13 juin 2018

Passé simple (68) — Manger (1)

(Source)



Ce sont les archétypes parentaux traditionnels qui le veulent : à la maison, maman est désignée d’office aux fourneaux. Tous les jeudis soir, maman et papa vont faire l’épicerie et achètent toutes les denrées nécessaires pour nourrir la maisonnée pendant une semaine, sauf le lait, que le laitier vient livrer quotidiennement à la maison. Maman prépare tous les repas. Elle y va de mémoire ou s’aide de recueils de recettes, tels que la Nouvelle encyclopédie de la cuisine (Édition Deluxe) de Madame Jehane Benoît, un classique de l’art culinaire domestique québécois, le Grand livre de la cuisine de Pol Martin, sa cuisine française, un livre Campbell’s dont toutes les recettes exigent l’utilisation d’une conserve de soupe de la marque, ainsi qu’un scrapbook dans lequel elle collige des recettes en vrac, découpées dans des magazines ou transmises par des connaissances.
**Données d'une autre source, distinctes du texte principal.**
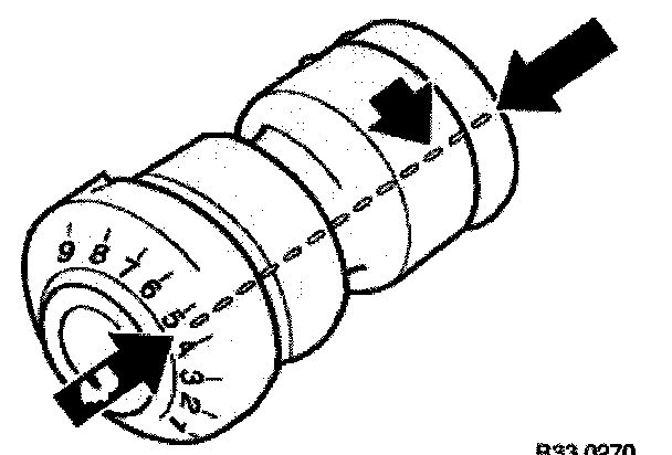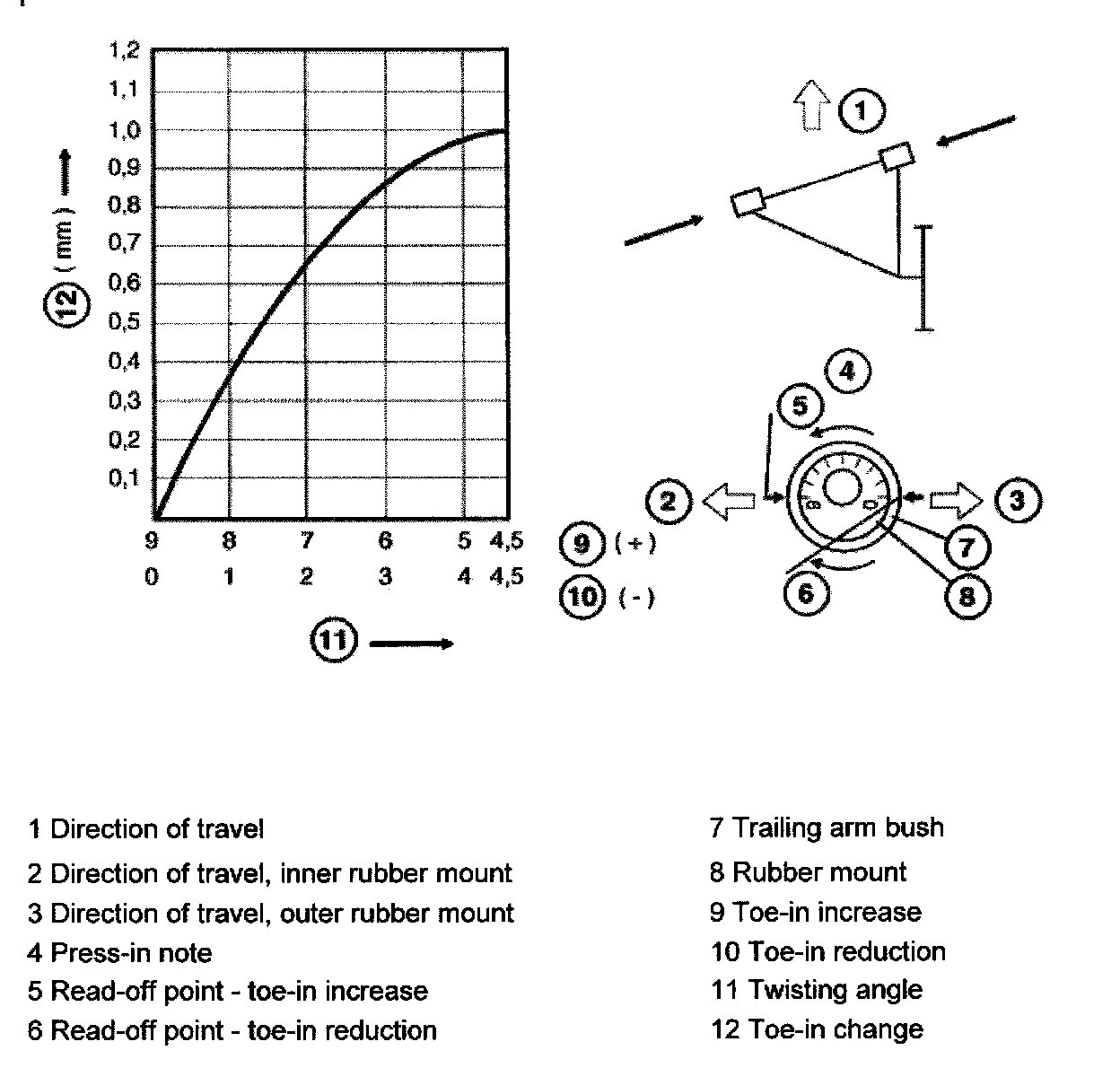 Coat eccentric rubber mount (1) with Circolight, or equivalent and position on trailing arm so that artificial line matches up with marking on trailing arm bush. In so doing, note whether toe-in increase or reduction is to be achieved, refer to diagram below (read-off point).

Jambalaya, bœuf Strogonoff, cari aux œufs durs, côtelettes de porc dans la sauce VH, jambon à l’ananas, chili con carne, bœuf bourguignon, spaghetti : maman pratique une cuisine ménagère qui n’a pas peur de l’éclectisme, une cuisine de son époque, celle où les produits de l’industrialisation alimentaire américaine envahissaient les épiceries, celle où le choix de fruits et légumes frais était pour le moins limité, celle où le Québec, en cuisine comme dans bien des domaines, avait un grand besoin de se déniaiser. Parfois, maman trouve que la corvée des repas revient trop vite, elle le dit tout haut : elle ne sait plus quoi préparer, elle a l’impression qu’on mange toujours la même chose. Pourtant, personne ne se plaint de ce qu’il y a dans son assiette, que chacun racle à qui mieux mieux.